Тридцать человек боятся… Один человек не боится… Деньги, сказал бы, давайте, деньги дали бы… Удивительное дело… Уни-ат!
– А тебе любо? – ехидно спросил Фрол и, живо повернувшись ко мне, сказал: – Микешко этот вот какой человек: гоньба гонять – не хочу, жениться – не хочу, начальник возить – не хочу. Ничего не хочу! Как будешь жить?..
– Неволя жить не хочу, – задумчиво и просто сказал Микеша. – Пашпорт давали бы, белый свет пойду…
Фрол посмотрел на него долгим и насмешливым взглядом…
– Безумной! – сказал он убежденно. – Как пашпорт тебе дадут? Другой тоже пашпорт хочет… Все захотят, кто на станке останется? Начальник приедет, кто повезет?..

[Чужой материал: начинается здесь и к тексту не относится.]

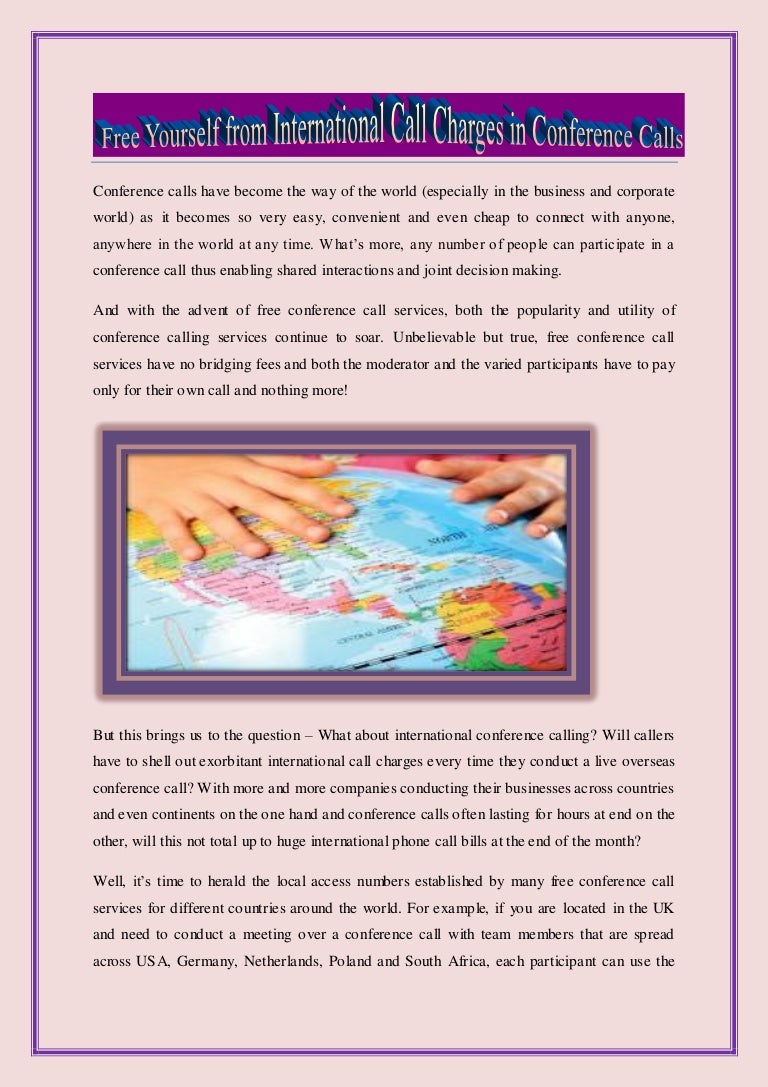 Freeconferencecall.com is one of the top five providers of global conferencing services with international hd audio conferencing in free international calling in seconds.

Микеша промолчал. Лицо у него было грустное. Быть может, он признавал неодолимую правильность аргумента, но внутри у него бессознательно, нелогично и непобедимо засело стремление к белу свету и вольной воле. Вообще мне казалось, что теперь роли ямщиков радикально изменились. Фрол представлял собою само здравомыслие, вековую мудрость ямщицких общин, – и он с уничтожающей насмешкой смотрел на «безумного» Микешу. В глазах последнего стояла лишь грустная растерянность и темное, бессознательное стремление… неизвестно куда…
– Как же ты говоришь, – заступился я за Микешу, к «безумию» которого я почувствовал глубокую симпатию, – как ты говоришь, что он не хочет работать, когда вот он лямку с тобой же тянет…
– Так то я его нанимал, – ответил Фрол насмешливо. – Какой это станочник на чужой станок нанимается, свою очередь держать не хочет… Два раза бегал… обществом пороли… Может, скажешь, неправда?
Микеша продолжал молчать.
– Теперь, гляди, опять чего-то надумал, – с чисто мефистофелевской улыбкой продолжал Фрол, пронизывая бедного Микешу острым и насмешливым взглядом. – Скажешь – и это неправда? А зачем барахло взял?.. Сапоги зачем? Ружье для чего захватил? Смотри, общество все равно достанет тебя… Опять портки спустят.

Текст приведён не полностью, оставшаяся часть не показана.